For the AAV2 neutralization assay, mouse serum was tested for its ability to inhibit infection of HeLa cells by an AAV2 vector encoding β-galactosidase (β-Gal), resulting in decreased β-Gal transgene expression. Briefly, HeLa cells were plated into 96-well tissue culture plates at a density of 2×104 cells per well and allowed to adhere for 2hr. The adhered cells were incubated with an Ad2 wild-type helper virus for 4hr at 37°C, 5% CO2. During this incubation period, mouse serum samples were serially diluted 2-fold in a separate 96-well plate. AAV2/β-Gal vector was added to each well containing serum, and incubated for 1hr at 37°C, 5% CO2. At the end of both incubation periods, the neutralizing sera–AAV samples were added to the wild-type Ad2-infected HeLa cells, and the plates were incubated for approximately 3 days at 37°C, 5% CO2. The medium was removed from all wells of the assay plate, the cells were lysed, and the supernatants were tested with a Tropix Galacto-Star kit for β-Gal expression according to the manufacturer's instructions (Applied Biosystems, Foster City, CA). The neutralizing serum titer was defined as the dilution of serum that reduced β-Gal expression of the positive control (naive serum sample) by: 50%.

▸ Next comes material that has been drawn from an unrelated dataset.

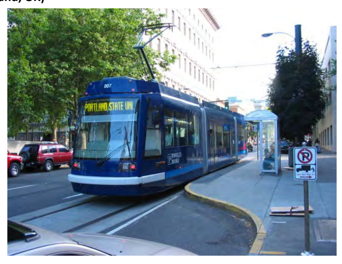
Figure 4. Streetcar (Portland, OR)

A streetcar has higher passenger capacity than a typical bus; however, a streetcar is operationally less flexible than a bus due to fixed rail and power infrastructure. Streetcars require a unique maintenance facility. Capital costs for a streetcar system are higher than capital costs for both Rapid Bus and local bus service, but are lower than those for LRT. Streetcar systems have more restrictive grade, turning, and

Statistical analysis of transgene expression data was performed with GraphPad Prism version 3.0a for the Macintosh (GraphPad Software, San Diego CA). Differences were considered to be statistically significant when p<0.05.
To study the impact of preexisting CTLs on AAV transgene expression, we first sought to induce AAV-specific CTLs using peptides for immunization. Previously, other investigators have used several methods to identify potentially immunogenic peptides from the AAV2 capsid protein sequence including capsid peptide libraries or computer prediction algorithms (Sabatino et al., 2005; Chen et al., 2006). Using these computer prediction algorithms, we were able to identify potential CD8+ T cell epitopes contained within the capsid protein sequence predicted to bind to MHC class I molecules with high affinity for both the C57BL/6 (H-2Kb) and BALB/c (H-2Kd) MHC class I molecules. In some cases, immunization with these peptides generated a CD8+ T cell response that resulted in IFN-γ production on restimulation of splenocytes with the immunizing peptide (Table 1). However, no direct cytolytic activity was observed from these T cells (Table 1).
As an alternative method for immunization, recombinant adenovirus and plasmid expression vectors were generated that expressed high levels of the full-length AAV2 capsid protein (Cap) under the control of a CMV promoter. To generate capsid-specific cytolytic T cell responses, mice were immunized either intramuscularly with the pCap plasmid or intradermally with the recombinant Ad5/Cap vector. Ten days after immunization, spleens were collected and analyzed for the presence of a capsid-specific cytolytic T cell response. As shown in Fig. 1, immunization with a single dose of the pCap plasmid resulted in a strong capsid-specific CTL response that was present in all mice as evidenced by the ability of effector cells to lyse syngeneic targets expressing the AAV2 capsid protein. The strength of this response was not enhanced after a second dose of plasmid. Similarly, injection of the Ad5/Cap vector also induced a potent Cap-specific CTL response that resulted in a significant degree of target lysis. However, a slight CTL response was also observed against the adenoviral proteins themselves (Ad5/EV-transduced targets), demonstrating one of the drawbacks to Ad-based gene therapy, that is, the ability to induce T cell responses to both the transgene product and Ad proteins. Interestingly, immunization with the Ad5/Cap virus generated a response that resulted in IFN-γ secretion after restimulation with each of the predicted H-2Kb-binding peptides, but T cells from Ad5/Cap-immunized mice lysed targets pulsed with only one of the predicted peptides (Table 1). Taken together, these data suggest that the strength of the stimulus and the context in which it is delivered (peptide vs. viral vector) play a role in generating cytolytic T cell responses. In addition, these data confirm published reports indicating that discordant results can be obtained using different immunoassays (Whiteside et al., 2003), implying that not every CD8+ T cell that secretes IFN-γ in response to peptide stimulation has the ability to lyse cells expressing the target antigen.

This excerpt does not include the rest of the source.